Among the briefs submitted was an amicus curiae filed by Luke Wake, an attorney with the Pacific Legal Foundation.

“They provided a very compelling argument about the separation of powers and how this issue is foundational to our system of government,” Kiley said.

Wake argues that Government Code § 8627 does not authorize Gov. Newsom to establish law because the California legislature cannot give away its police powers.

“If the Legislature truly conveyed all of its police powers in Section 8627, then it failed to resolve fundamental policy issues,” Wake wrote in his brief. “Under this broad construction, the Legislature has completely abdicated its role by leaving fundamental policy questions to the executive branch.”

The California legislature also submitted an amicus brief supporting Kiley.

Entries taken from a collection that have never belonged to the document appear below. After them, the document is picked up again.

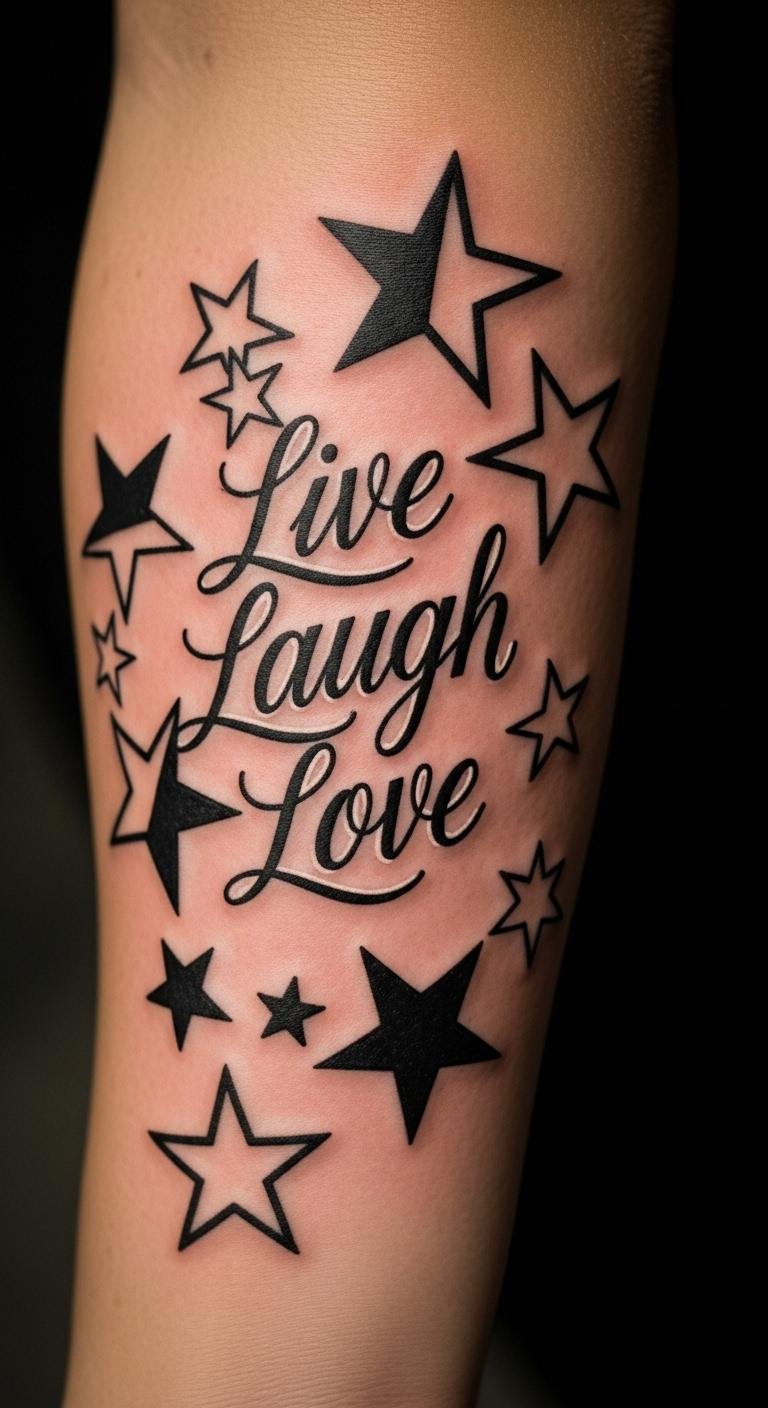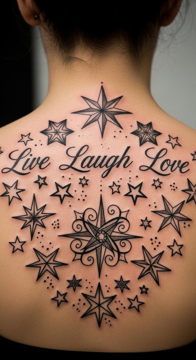 Stars around “Live Laugh Love” on your back add a fun, starry vibe.
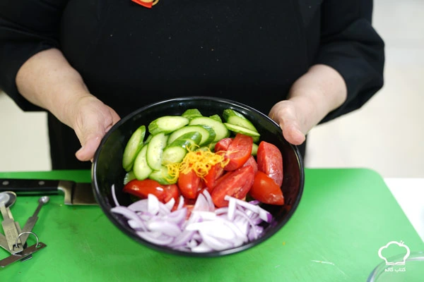 اول از همه، گوجهفرنگیها را قاچ کنید؛ سعی کنید برای این سالاد از بهترین گوجههای موجود در بازار استفاده کنید، چون یکی از اجزای اصلی سالاد گرجی هستند. گوجهها را داخل یک کاسه بزرگ بریزید. حالا خیارها را به اندازههای متوسط خرد کنید؛ لازم نیست خیارها را خیلی ریز خرد کنید. در این سالاد، معمولا همه مواد به شکل درشت استفاده میشوند.
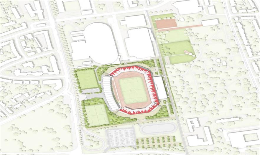 HPP項目合伙人,設(shè)計總監(jiān) Antonino Vultaggio 先生對該項目的規(guī)劃評價說到:“ 將體育場設(shè)置成景觀退臺的形式可以降低體育場的視覺高度, 同時強(qiáng)調(diào)體育場的橫向形體。主場館是多功能集中的場所,并與埃爾弗特南方公園連接到一起。”
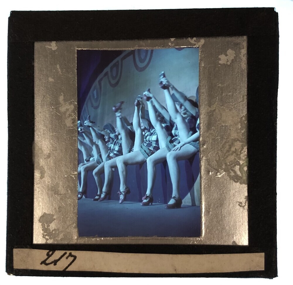 Revuegirls tonen hun benen zittend op een rij

In it, the legislature argued that the proper protocol for Gov. Newsom to amend election laws was by proclamation and a special session. 

“There is no alternative constitutional provision for the Governor to act as the legislature and the executive in matters of enacting legislation,” wrote attorneys in their amicus brief on behalf of California state senators Shannon Grove, Brian Dahle, Senator Jim Nielsen, and State Assemblymembers Marie Waldron, Megan Dahle, and Jordan Cunningham. “Were this Court to endorse such a process, an untenable precedent weakening the separation of powers doctrine (and weakening the State Legislature) would result.”

Placer County and the U.S. Justice Foundation also submitted briefs in support of Kiley.

Attorney Emily F. Taylor argued in Placer County's amicus brief that Judge Heckman properly ruled the constitutional separation of powers bans Gov. Newsom from amending statutes or creating new statutes. 

“By affirming the Constitutional limit on the Governor’s ability to create law, the court’s ruling protects the powers granted by the Constitution to local governing bodies to enact local ordinances and regulations that do not conflict with general laws,” Taylor wrote. “The ruling also affirms that the Governor does not have the Constitutional authority to unilaterally impose new statutory requirements on county governments, such as the election-related requirements set forth in Executive Order N-67-20.”